2 nights ago, I ordered a SX OS from them. I used my debit card to make the payment this time.

I use my pre-pay debit card when it comes to shopping online from "non-reputable" places.

I woke up this morning with 10 notification of r4ib9s (their payment name: growupwealth) trying to take weird payment amounts from my card. But my card declined those payments.

Their shipping of sx os pro / as well as sx os was fast so here I was all happy.

Be careful


----------



## migles (Dec 16, 2018)

thanks for the warn, and yeah thoose disposable 1 use visa cards are the best, i also got that!


----------



## Deleted member 473940 (Dec 16, 2018)

migles said:


> thanks for the warn, and yeah thoose disposable 1 use visa cards are the best, i also got that!



Pre-paid cards are GREAT!
I know these sites arent really the most trust worthy of places to buy from, but wow. Really surprised about their attempt to take MONEY from me without any reason behind it..


----------



## larrypretty (Dec 22, 2018)

So the better way to pay for SX OS or SX Pro is Paypal in my mind. Also the site you mention without Https.


----------



## zoogie (Dec 22, 2018)

Only buy from nds-card or modchipsdirect.

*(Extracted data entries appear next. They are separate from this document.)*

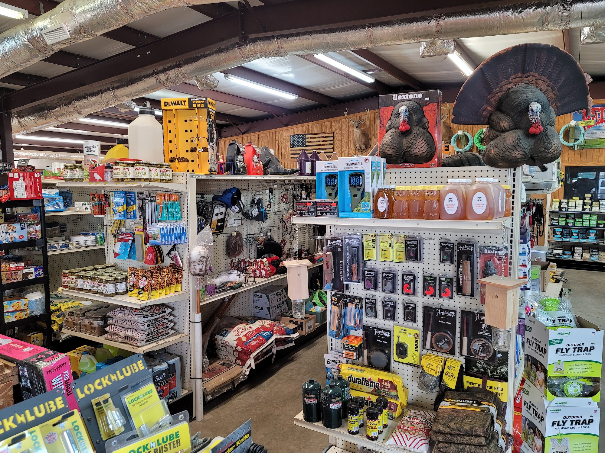 I get all my feed and farm supplies at Casey's. They also carry Southern Sweet Bee honey and scented candles, Hardin's Seasoning, and Conecuh sausage.
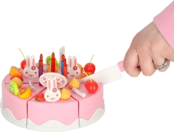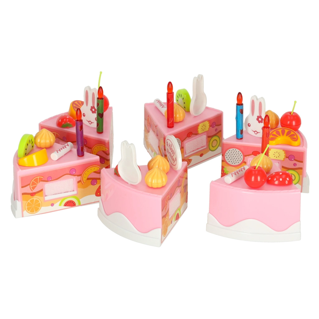 Atraskite gimtadienio šventės magiją kiekvieną dieną. Vaikišką rožinį tortą iš 6 dalių su užrašu „Happy Birthday“ lengva išardyti ir vėl surinkti dėl lipnių juostelių (Velcro). Mažieji virėjai jį papuoš pagal nuotaiką – žvakutėmis, triušiukais ir spalvotais vaisiais – ir patieks ant lėkštučių.
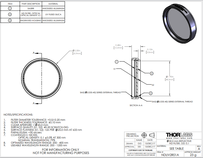 Thorlabs索雷博 NDUV2R01A 反射型中性密度滤光片
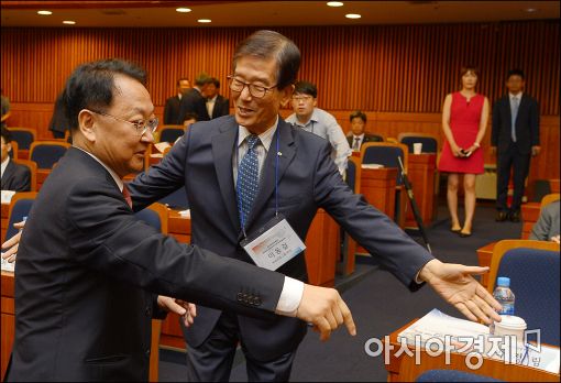 [아시아경제 윤동주 기자] 유일호 경제부총리 겸 기획재정부 장관이 12일 서울 여의도 국회에서 열린 '글로벌 금융학회'에 참석, 이동걸 산업은행장과 인사를 나누고 있다.
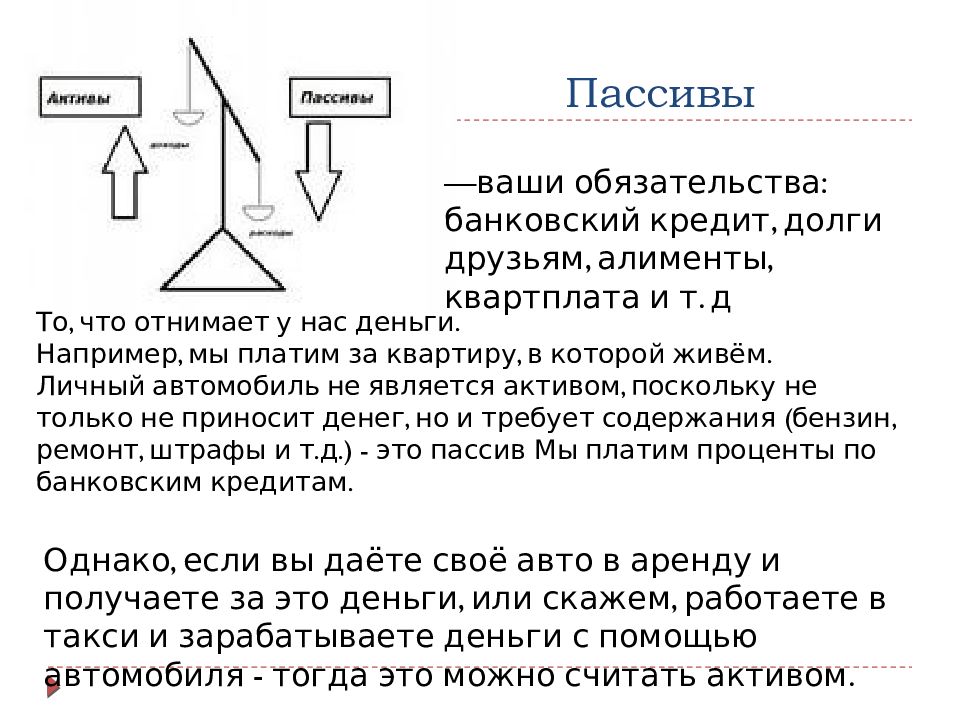 То, что отнимает у нас деньги. Например, мы платим за квартиру, в которой живём. Личный автомобиль не является активом, поскольку не только не приносит денег, но и требует содержания (бензин, ремонт, штрафы и т.д.) - это пассив Мы платим проценты по банковским кредитам. Пассивы Однако, если вы даёте своё авто в аренду и получаете за это деньги, или скажем, работаете в такси и зарабатываете деньги с помощью автомобиля - тогда это можно считать активом. —ваши обязательства: банковский кредит, долги друзьям, алименты, квартплата и т. д
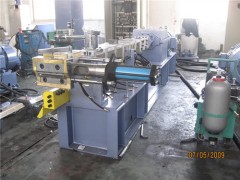 PES造粒機基本結構形式:1.雙螺桿主機 2.水拉條機頭 3.水槽 4.吸干機 5.切粒機
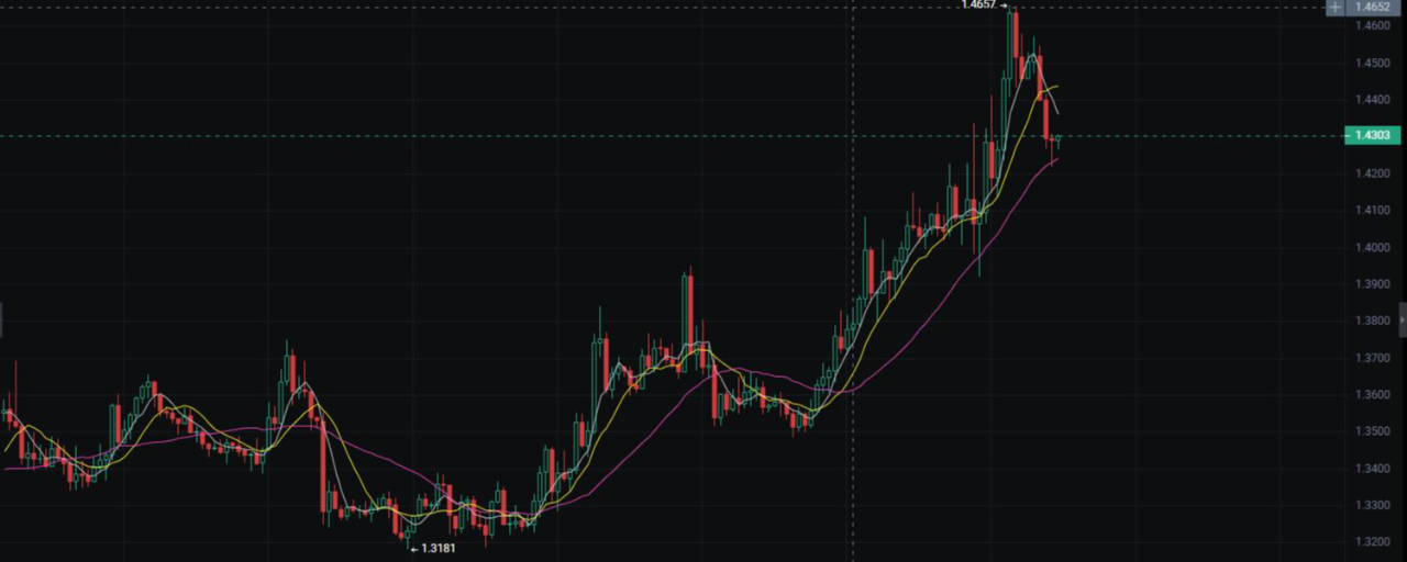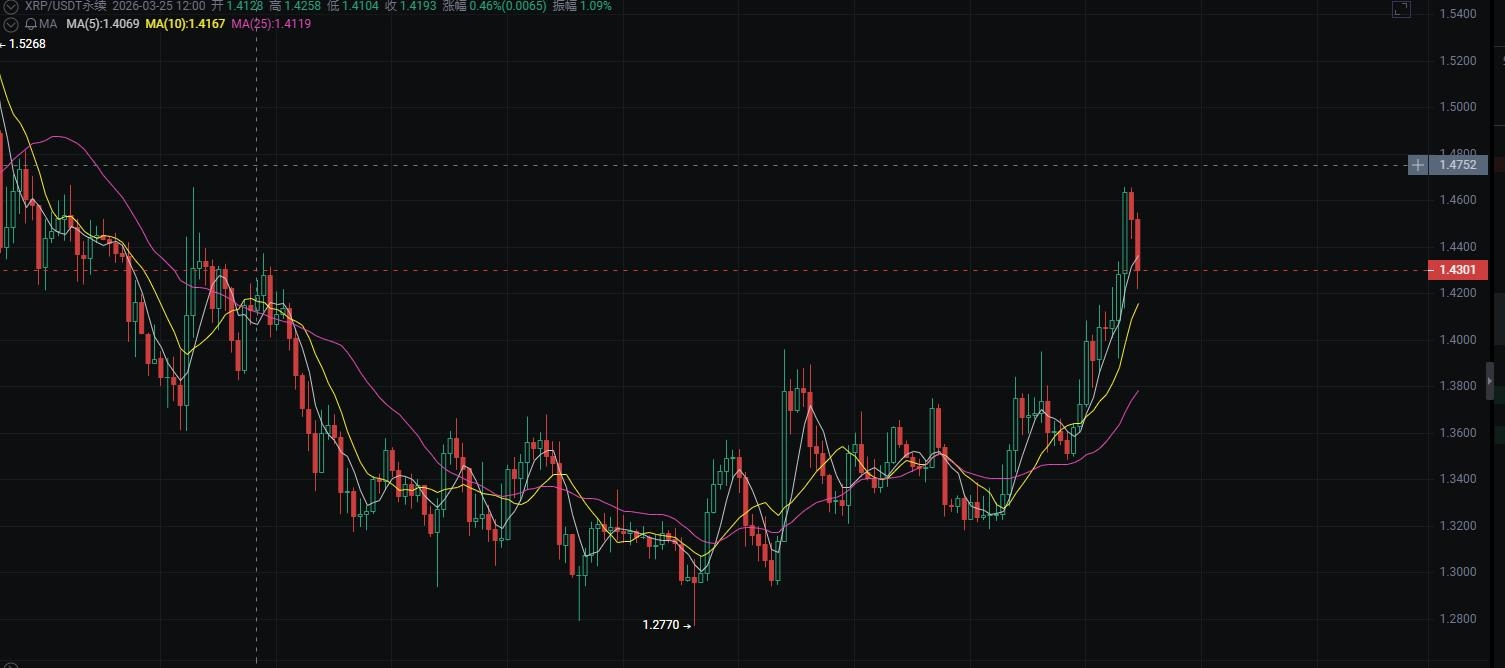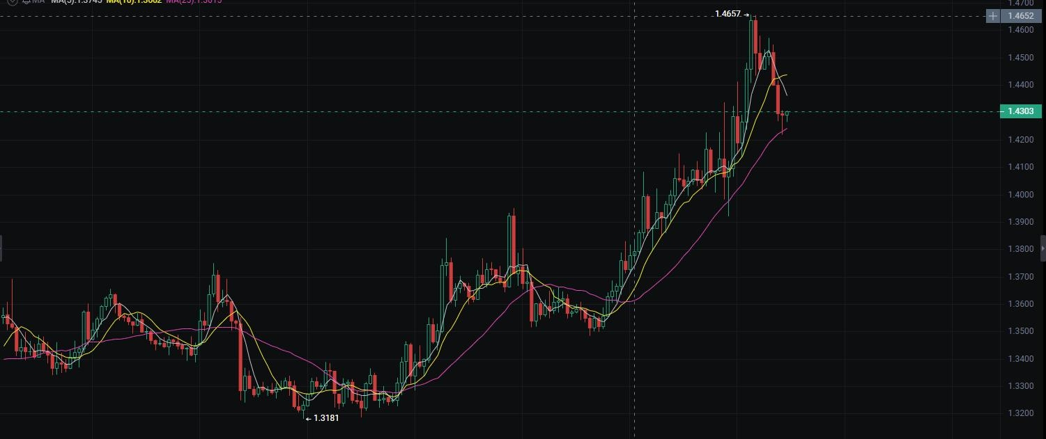 当前价格 1.43 已突破前期压力区(1.38–1.40)
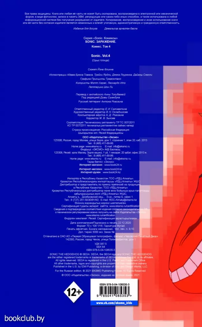 Новые потрясающие приключения Соника и его друзей. Перевод, верстка и леттеринг от команды фанатов Соника Diamond Dust при участии Сыендука! После своих недавних захватывающих приключений Соник наконец может отдохнуть… или нет? ! Бандитская парочка, Раф и Тамбл, вернулась, чтобы отомстить Сонику и его друзьям. И не только они… Заклятые враги ежа тоже не дремлют. Заручившись поддержкой новых зловещих союзников, они уже строят коварные планы по захвату мира. Даже Соник не сможет убегать от Вируса вечно. Книги издательства «ЭКСМО» из серии «Sonic. Комиксы» станут прекрасным дополнением вашей библиотеки. Для вашего удобства при оформлении заказа по телефону назовите код товара: 136321
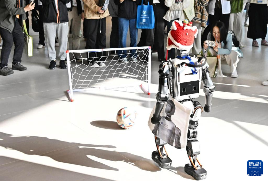 在大會展覽區(qū),一款正在踢足球的具身智能機器人受到不少參觀者圍觀。當工作人員傳球后,機器人馬上跑到足球前將球準確射入球門中,射中后還不忘揮舞手臂以示慶祝。

Everything else is fly-by-night scam artistry.


----------



## larrypretty (Dec 22, 2018)

zoogie said:


> Only buy from nds-card or modchipsdirect.
> 
> Everything else is fly-by-night scam artistry.


I don't think, " everything else ", there are still sites(r43dsorg, mod3dscard.com, they have good reputation too)can be tusted, include the 2 you mention.


----------